Miguel Egler


I am an Assistant Professor in the Department of Philosophy at Tilburg University. I have wide-ranging interests in epistemology, philosophy of mind, political philosophy and metaphilosophy. So far, most of my research has focused on debates about the epistemic norms that govern philosophical inquiry. I am currently developing elements from previous work to investigate the epistemology of deliberative democracy.

(drafts available upon request)

  • Title Redacted (Under Review)

Argues that a version of the problem of perceptual presence arises for phenomenalist views of intuition.
  • Title Redacted (Under Review)

Argues for a novel enactivist view of intuitions
  • Title Redacted (Under Review)

This paper first identifies a major flaw in current epistemic arguments for deliberative democracy. It then argues that recent work on the nature of implicit biases offers valuable resources with which to make better informed evaluations of the purported epistemic benefits of political deliberation.

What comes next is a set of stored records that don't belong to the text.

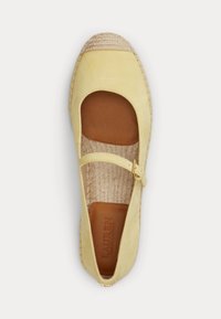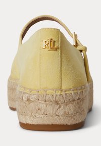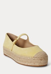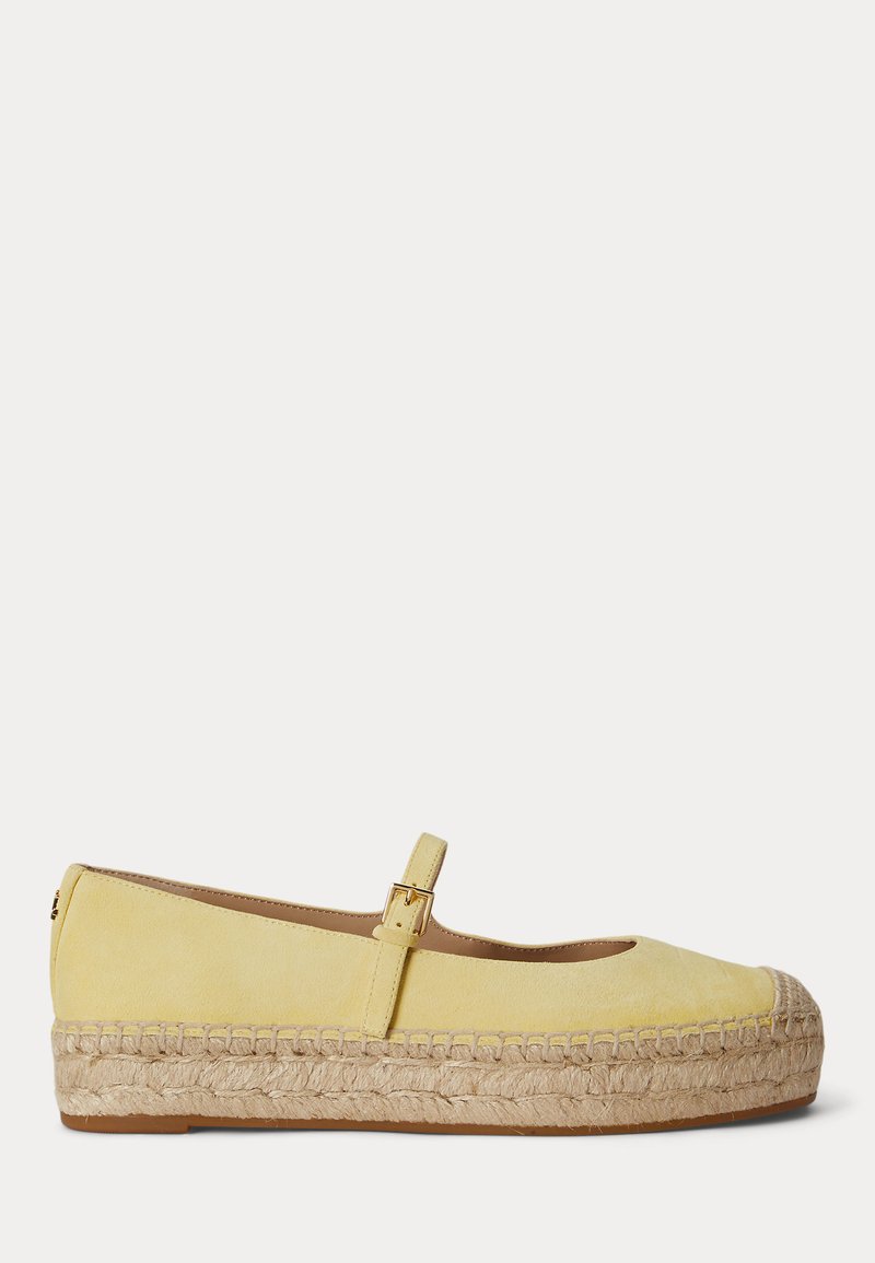 Żółte zamszowe espadryle Mary Jane z plecioną platformą z juty i paskiem z złotą klamrą, pokazane z profilu.
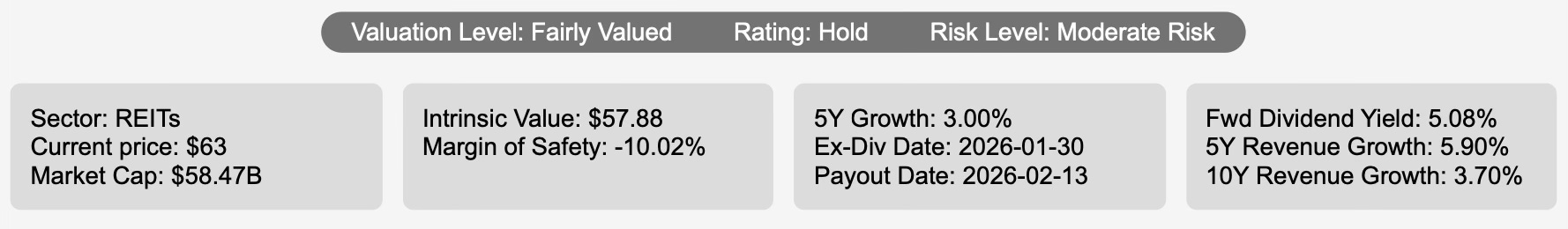 At roughly $63 compared with intrinsic value near $57.88, Realty Income trades modestly above fair value. Investors are paying a premium for predictability rather than for future expansion.
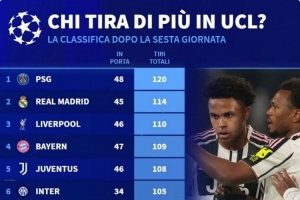體育資訊12月11日訊 德國轉(zhuǎn)會市場統(tǒng)計了本賽季歐冠各隊的射門次數(shù),并列出榜單,巴黎120次射門居首,皇馬、利物浦二三位。
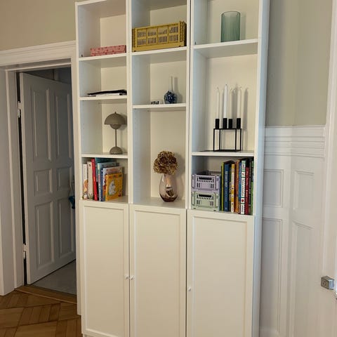 Lys træ (BILLY) med hvidt vitrineskab i midten

Finally, it outlines a novel approach that allows for the development of a new generation of epistemic arguments for deliberative democracy.
  • Learning to Know How (In Progress)

Stanley (2011) invokes the notion of Practical Ways of Thinking (PWT) to develop Intellectualism about knowledge how. Many have argued that it's simply not very clear what PWT amount to. I argue that theoretical work on Phenomenal Concepts and experimental work in developmental psychology offer valuable resources with which to better characterise PWT.
  • Take Two on the Taking Condition (In Progress)

I argue that research on metacognition informs philosophical debates about the nature of inferential reasoning. In particular, I show how experimental and theoretical developments in meta-reasoning help to articulate and defend the Taking Condition -- i.e., the idea that inferential reasoning requires a rational appreciation of the relation of epistemic support holding between premises and conclusions.